→ BRIEF
Retyped exactly and without pictures, the lines from the one with "2025年,孙燕姿和杜嘉班纳" through the end of the listing must form the entire answer.

→ THE DATA

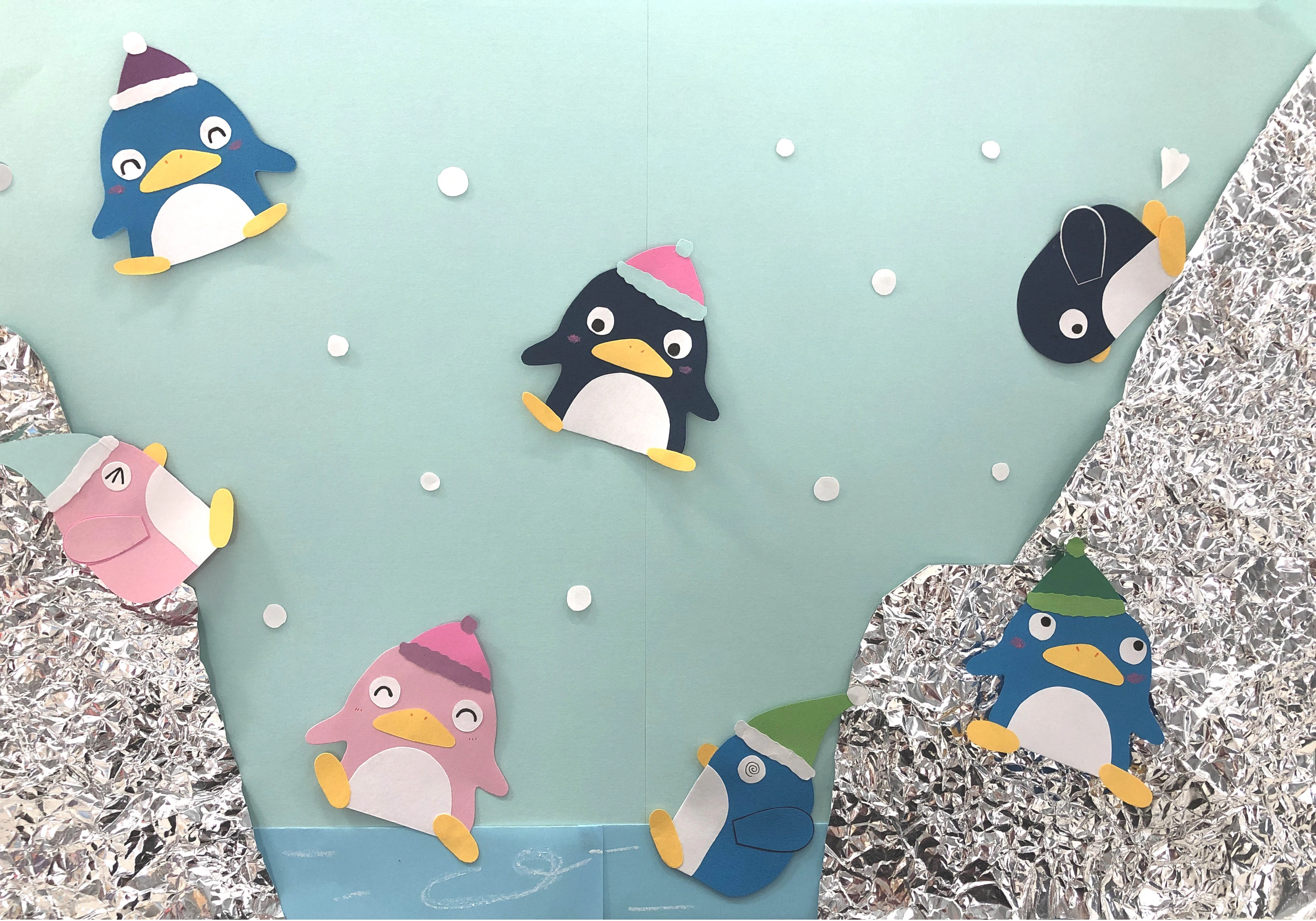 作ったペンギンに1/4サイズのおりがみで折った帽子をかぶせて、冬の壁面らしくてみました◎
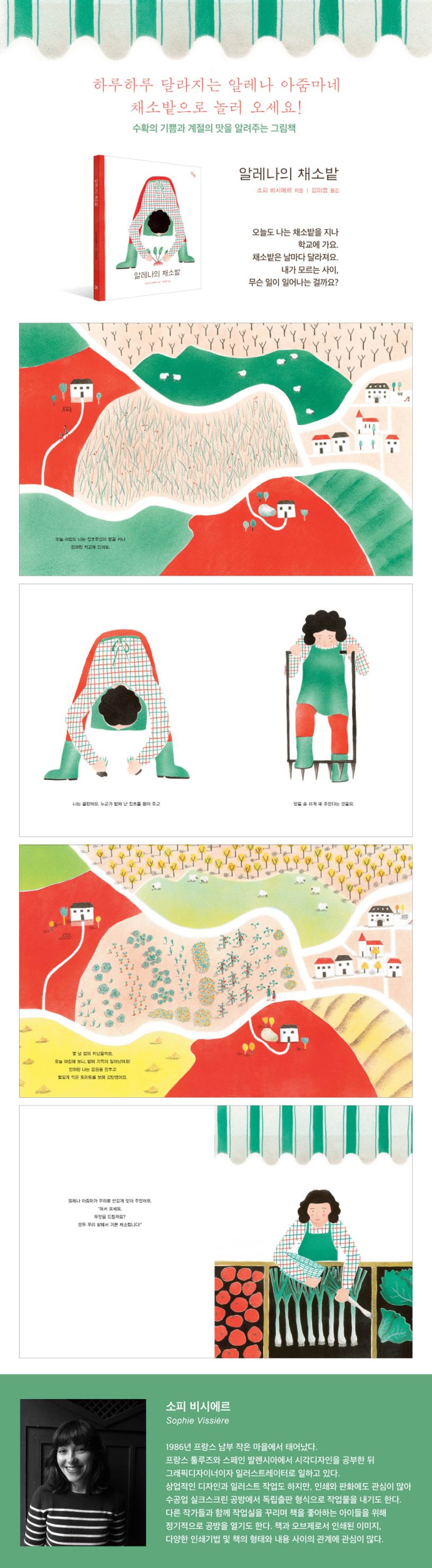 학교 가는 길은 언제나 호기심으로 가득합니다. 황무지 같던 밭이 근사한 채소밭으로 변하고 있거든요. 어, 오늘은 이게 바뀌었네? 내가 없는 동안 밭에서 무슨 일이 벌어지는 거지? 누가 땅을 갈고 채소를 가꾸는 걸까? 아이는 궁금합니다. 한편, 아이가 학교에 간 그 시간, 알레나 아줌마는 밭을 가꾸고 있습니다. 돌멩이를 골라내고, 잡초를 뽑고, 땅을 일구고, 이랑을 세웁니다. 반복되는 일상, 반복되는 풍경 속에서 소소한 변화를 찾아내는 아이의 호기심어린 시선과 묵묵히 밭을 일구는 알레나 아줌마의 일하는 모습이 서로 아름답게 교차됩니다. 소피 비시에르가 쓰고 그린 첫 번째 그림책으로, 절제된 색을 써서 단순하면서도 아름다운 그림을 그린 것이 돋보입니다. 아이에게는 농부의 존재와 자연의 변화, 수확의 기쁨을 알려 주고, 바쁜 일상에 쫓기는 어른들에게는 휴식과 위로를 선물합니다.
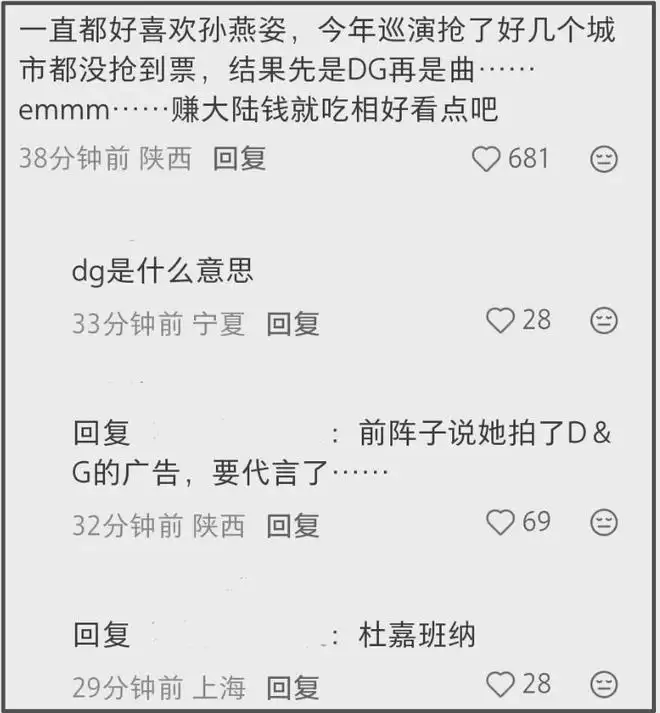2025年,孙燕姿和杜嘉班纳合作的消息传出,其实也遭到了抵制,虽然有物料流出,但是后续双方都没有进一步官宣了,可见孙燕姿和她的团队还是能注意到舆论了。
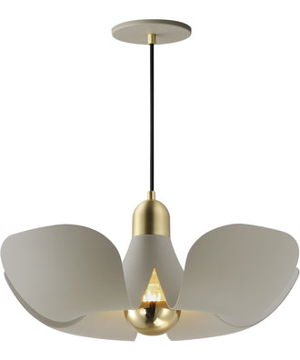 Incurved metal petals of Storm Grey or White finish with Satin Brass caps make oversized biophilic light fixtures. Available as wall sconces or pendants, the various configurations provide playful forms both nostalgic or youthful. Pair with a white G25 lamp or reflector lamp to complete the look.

→ TASK ANSWER
2025年,孙燕姿和杜嘉班纳合作的消息传出,其实也遭到了抵制,虽然有物料流出,但是后续双方都没有进一步官宣了,可见孙燕姿和她的团队还是能注意到舆论了。
 Incurved metal petals of Storm Grey or White finish with Satin Brass caps make oversized biophilic light fixtures. Available as wall sconces or pendants, the various configurations provide playful forms both nostalgic or youthful. Pair with a white G25 lamp or reflector lamp to complete the look.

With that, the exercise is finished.